Praqma is now making ASK available as open source.

As the company notes in today’s announcement, running a Data Center application and ensuring high availability can be a lot of work using today’s methods. With AKS and by containerizing the applications, scaling and management should become easier — and downtime more avoidable.

“Availability is key with ASK. Automation keeps mission-critical applications running whatever happens,” Praqma’s team explains. “If a Jira server fails, Data Center will automatically redirect traffic to healthy servers. If an application or server crashes Kubernetes automatically reconciles by bringing up a new application. There’s also zero downtime upgrades for Jira.”

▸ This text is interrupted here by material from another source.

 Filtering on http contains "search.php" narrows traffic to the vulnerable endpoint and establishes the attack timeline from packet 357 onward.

AKS handles the scaling and most admin tasks, in addition to offering a monitoring solution based on the open-source Grafana and Prometheus projects.

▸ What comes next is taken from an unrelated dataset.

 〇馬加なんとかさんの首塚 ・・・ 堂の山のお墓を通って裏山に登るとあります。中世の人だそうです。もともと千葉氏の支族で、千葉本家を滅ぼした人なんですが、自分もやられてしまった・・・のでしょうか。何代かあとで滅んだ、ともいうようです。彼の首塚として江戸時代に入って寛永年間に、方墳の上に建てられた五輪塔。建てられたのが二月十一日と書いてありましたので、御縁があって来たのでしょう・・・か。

Containers are slowly becoming the distribution medium of choice for a number of vendors. As enterprises move their existing applications to containers, it makes sense for them to also expect that they can manage their existing on-premises applications from third-party vendors in the same systems. For some vendors, that may mean a shift away from pre-server licensing to per-seat licensing, so there are business implications to this, but in general, it’s a logical move for most.